Pictures are to be left out, and only the lines below starting at the one with "Presented in a" and ending at the one with "70歲男性血小板過低可以服用" are to be reproduced, each exactly, both ends included.

#### Extracted data:
((
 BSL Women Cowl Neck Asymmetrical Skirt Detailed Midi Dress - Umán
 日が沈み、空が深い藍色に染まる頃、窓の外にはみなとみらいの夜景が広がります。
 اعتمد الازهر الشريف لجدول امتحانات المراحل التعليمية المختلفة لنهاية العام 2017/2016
))
((
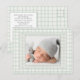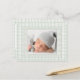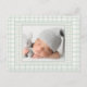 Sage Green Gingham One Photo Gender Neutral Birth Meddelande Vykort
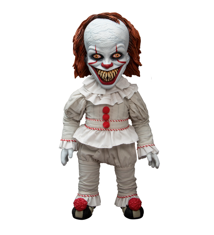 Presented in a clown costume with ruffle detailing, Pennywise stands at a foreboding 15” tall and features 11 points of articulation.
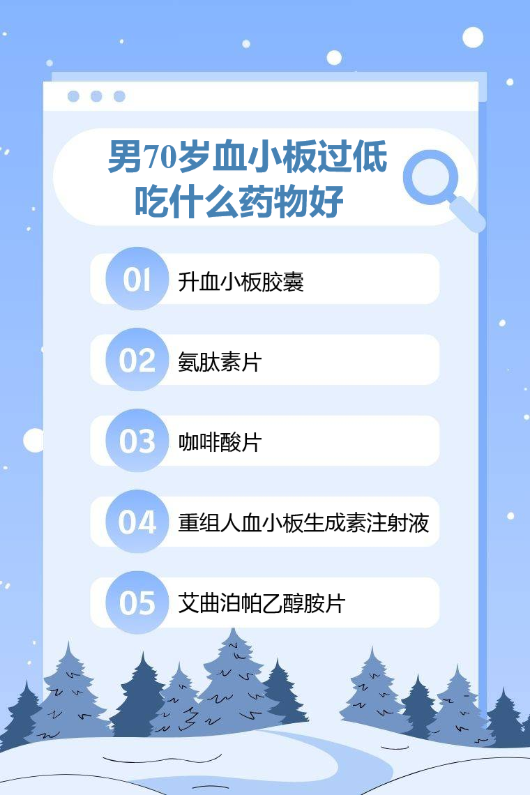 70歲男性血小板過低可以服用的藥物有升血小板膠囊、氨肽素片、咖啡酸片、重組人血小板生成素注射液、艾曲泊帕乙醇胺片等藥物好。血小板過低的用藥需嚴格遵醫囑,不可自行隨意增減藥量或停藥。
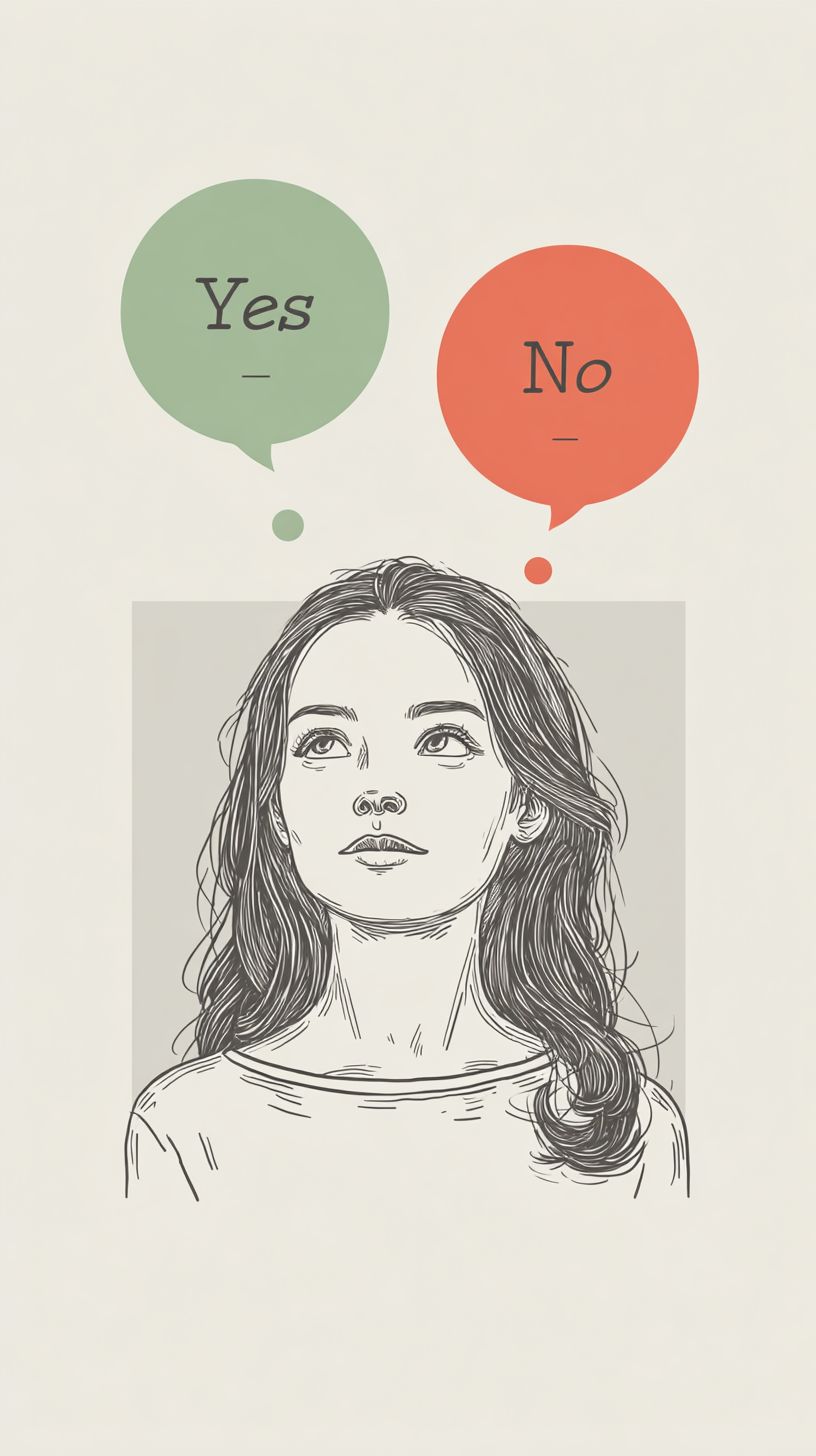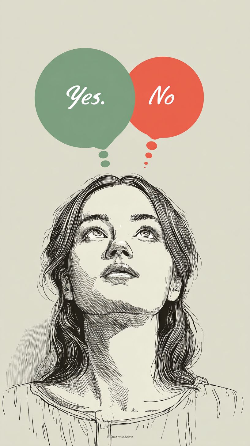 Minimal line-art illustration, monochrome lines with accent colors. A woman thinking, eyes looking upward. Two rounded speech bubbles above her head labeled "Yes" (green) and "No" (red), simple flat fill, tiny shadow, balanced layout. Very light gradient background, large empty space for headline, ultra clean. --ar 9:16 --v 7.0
))
#### Finished task:
 Presented in a clown costume with ruffle detailing, Pennywise stands at a foreboding 15” tall and features 11 points of articulation.
 70歲男性血小板過低可以服用的藥物有升血小板膠囊、氨肽素片、咖啡酸片、重組人血小板生成素注射液、艾曲泊帕乙醇胺片等藥物好。血小板過低的用藥需嚴格遵醫囑,不可自行隨意增減藥量或停藥。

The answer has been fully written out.